Quand le crédit est-il versé ?

Le crédit d'impôt est accordé au titre de l'année au cours de laquelle s'achève la période des six mois d'activité. Par exemple, un demandeur d'emploi qui a trouvé un travail à compter du 1er avril 2007 peut en bénéficier pour ses revenus 2007 (ceux qu'il déclare en 2008). Le crédit d'impôt vient alors en déduction de l'impôt à payer en 2008 sur les revenus de 2007.

Lorsque la période d'activité de 6 mois s'est achevé au plus tard le 31 décembre 2007, le crédit d'impôt est égal à 1 500 €. Mais lorsque la période d'activité de 6 mois s'achève après le 31 décembre 2007, le crédit d'impôt est égal à 2 000 €.

Si le montant du crédit d'impôt dépasse celui de l'impôt à payer, l'excédent est versé au contribuable. Ce crédit d'impôt n'est accordé qu'une seule fois jusqu'au 31 décembre 2008.
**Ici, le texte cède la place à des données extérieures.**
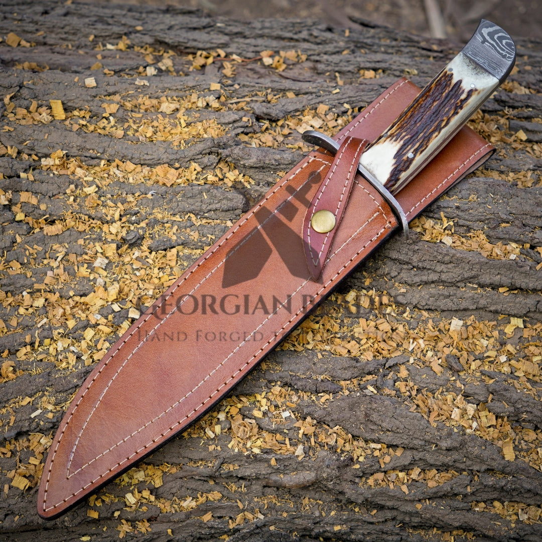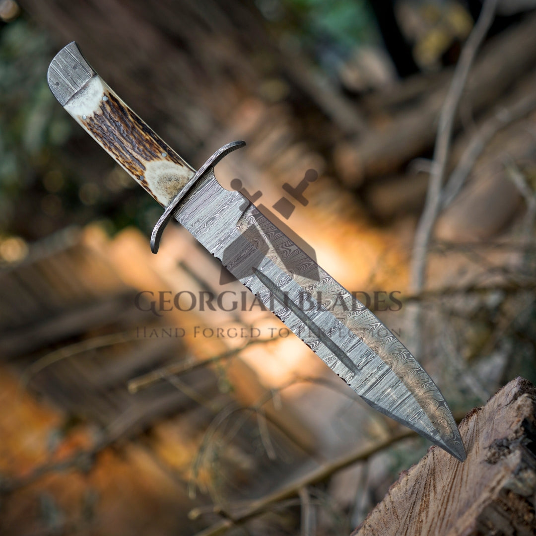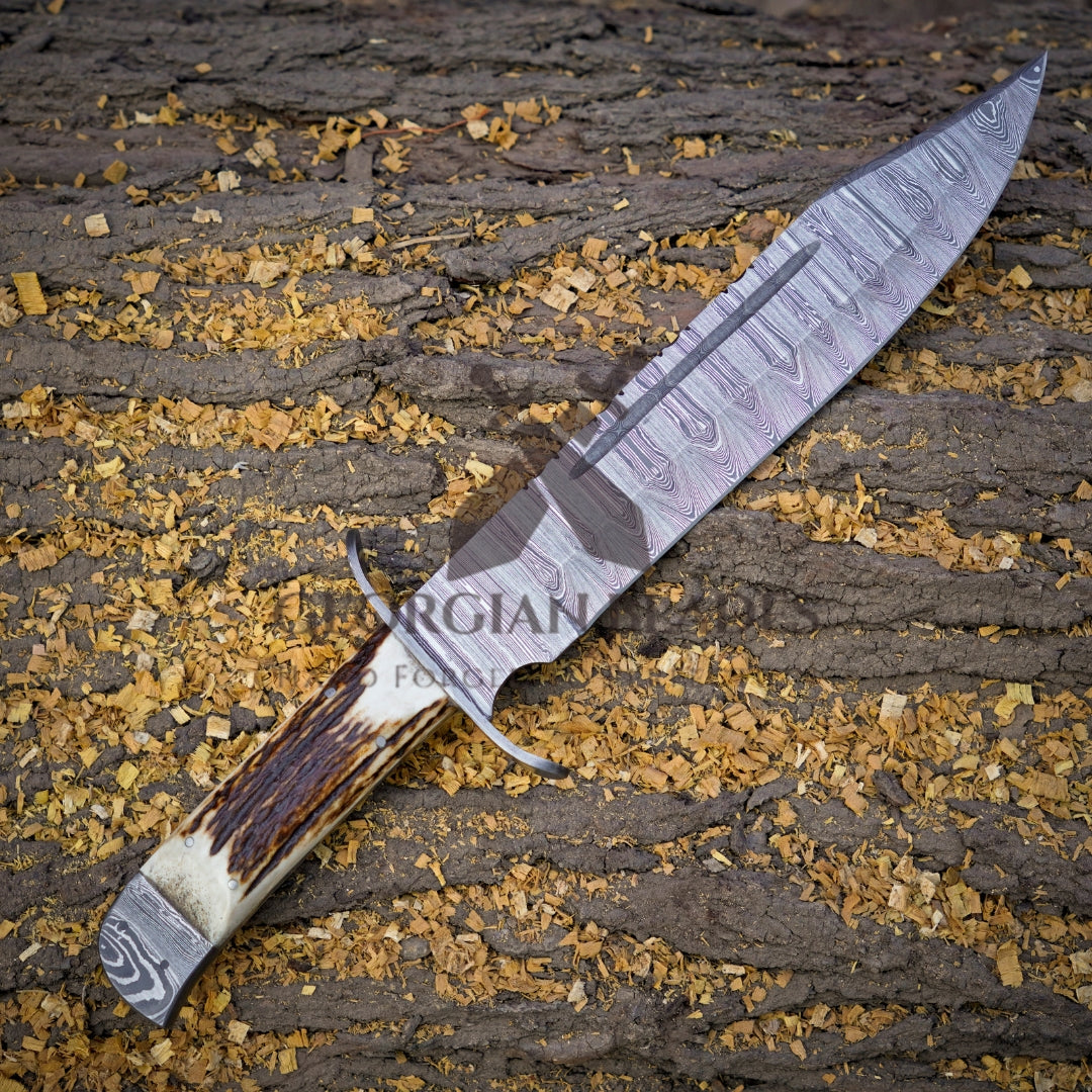 Mountain Majesty: 15" Handmade Damascus Steel Bowie Knife- Full Tang - Stag Antler Handle
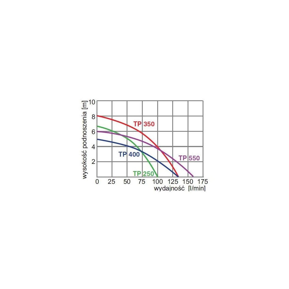 Pompa TP 250 przeznaczona jest do pompowania czystej, zimnej wody ze studni kręgowych i zbiorników. Stosuje się ją często do wypompowywania wody z zalanych pomieszczeń. Pompa posiada sterowanie pływakowe które w zależności od poziomu pompowanej cieczy steruje jej załączaniem i chroni przed pracą na sucho.
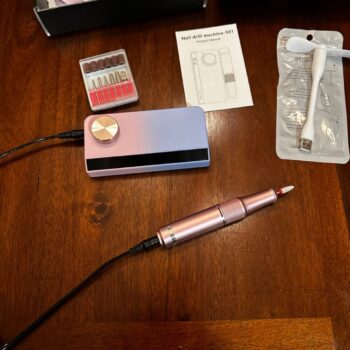 This rechargeable nail drill machine is amazing. it’s very easy to use and perfect for at-home manicures. the drill is powerful and has multiple speed settings for precise control. the rechargeable battery lasts a long time and makes the drill very portable. the attachments are great and cover all my nail needs. the drill is quiet and doesn’t get hot, even with prolonged use. my nails look professionally done every time. it’s a fantastic tool that saves me time and money. i’m very happy with this purchase and highly recommend it to anyone who loves doing their nails. it’s a great investment for maintaining beautiful nails at home.
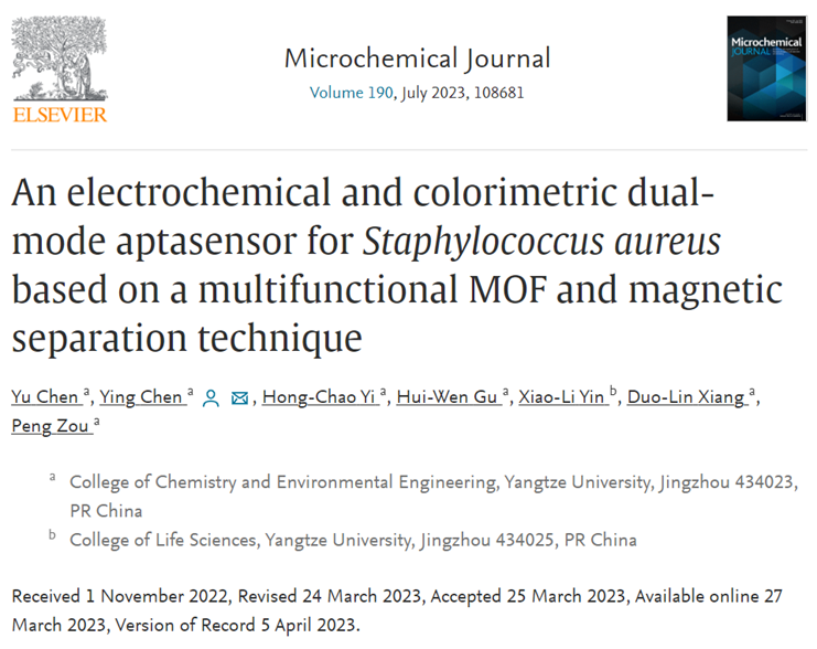 近日,陈颖教授课题组设计合成了一种兼具生物识别、电化学和催化功能的智能核酸功能化金属有机框架复合纳米材料,并将其应用于金黄色葡萄球菌的传感检测研究中。相关研究成果于2023年3月27日以题为“An electrochemical and colorimetric dual-mode aptasensor for Staphylococcus aureus based on a multifunctional MOF and magnetic separation technique”的学术论文发表在分析化学领域国际期刊《Microchemical Journal》上。该文第一作者为韩国无码

L'aide Mobili-Pass : de 1 600 à 3 200 €

L'aide Mobili-Pass est destinée à couvrir une partie des dépenses engendrées par un changement de domicile pour raisons professionnelles. Le nouveau logement doit être distant d'au moins 70 km de l'ancien. L'aide peut être accordée aux employés des entreprises de dix salariés ou plus, qu'ils soient en contrat à durée déterminée ou indéterminée et quelle que soit leur ancienneté. Son montant est de 1 600 € maximum si le salarié fait sa demande au 1 % logement (www.uesl.fr) ou 3 200 € s'il l'obtient par l'intermédiaire de son employeur. La demande doit être faite dans les six mois à compter de l'embauche ou du changement de lieu de travail.

Sont pris en compte les frais suivants : frais d'agence pour rechercher le nouveau logement, intérêts d'emprunt d'un crédit relais, frais de mainlevée d'hypothèque sur la vente du premier logement… En revanche, elle ne couvre pas les frais de transfert de ligne téléphonique, les raccordements EDF-GDF, les frais de déménagement…

Attribuée sans condition de ressources et exempte de frais de dossier, cette subvention est définitivement acquise. Accordée tous les deux ans, elle n'est pas imposable.

Des frais déductibles

Si l'un des conjoints est amené, pour raisons professionnelles, à demeurer loin du domicile familial, il peut déduire de son salaire imposable ses frais supplémentaires de logement, les repas pris au restaurant midi et soir, les intérêts d'emprunt liés à l'acquisition de son autre logement, les frais de transport aller et retour au domicile une fois par semaine…

Pour pratiquer cette déduction, il doit, lorsqu'il remplit sa déclaration de revenus, indiquer qu'il opte pour la déduction des frais réels et renoncer à l'abattement forfaitaire de 10 %. Il doit conserver tous les justificatifs en cas de contrôle fiscal. La déduction des frais de double résidence est également accordée aux concubins et aux partenaires d'un Pacs.

Un abattement sur les revenus locatifs

Un contribuable qui accepte une nouvelle situation professionnelle (pas exclusivement salariée) située à plus de 70 km de son domicile, et qui doit par conséquent déménager, peut bénéficier d'un abattement de 10 % sur les loyers qu'il perçoit s'il donne en location son ancien domicile dans un délai d'un an à compter de son départ. Le logement doit, en outre, constituer la résidence principale du locataire.

De son côté, le propriétaire doit lui-même prendre en location un nouveau logement situé à plus de 70 km de l'ancien dans l'année qui suit la date du début de sa nouvelle activité. Son nouveau bailleur ne peut pas être un membre de son foyer fiscal ni une société dans laquelle il possède des parts. S'il remplit ces conditions, l'abattement de 10 % sur les loyers encaissés est accordé jusqu'au 31 décembre de la troisième année qui suit la date de la mise en location. Ainsi, si un contribuable donne en location son ancienne maison à compter du 1er juin 2007, il bénéficie de l'abattement de 10 % jusqu'au 31 décembre 2010.

La nouvelle activité doit débuter entre le 1er juillet 2006 et le 31 décembre 2008, pour une durée minimale de six mois consécutifs.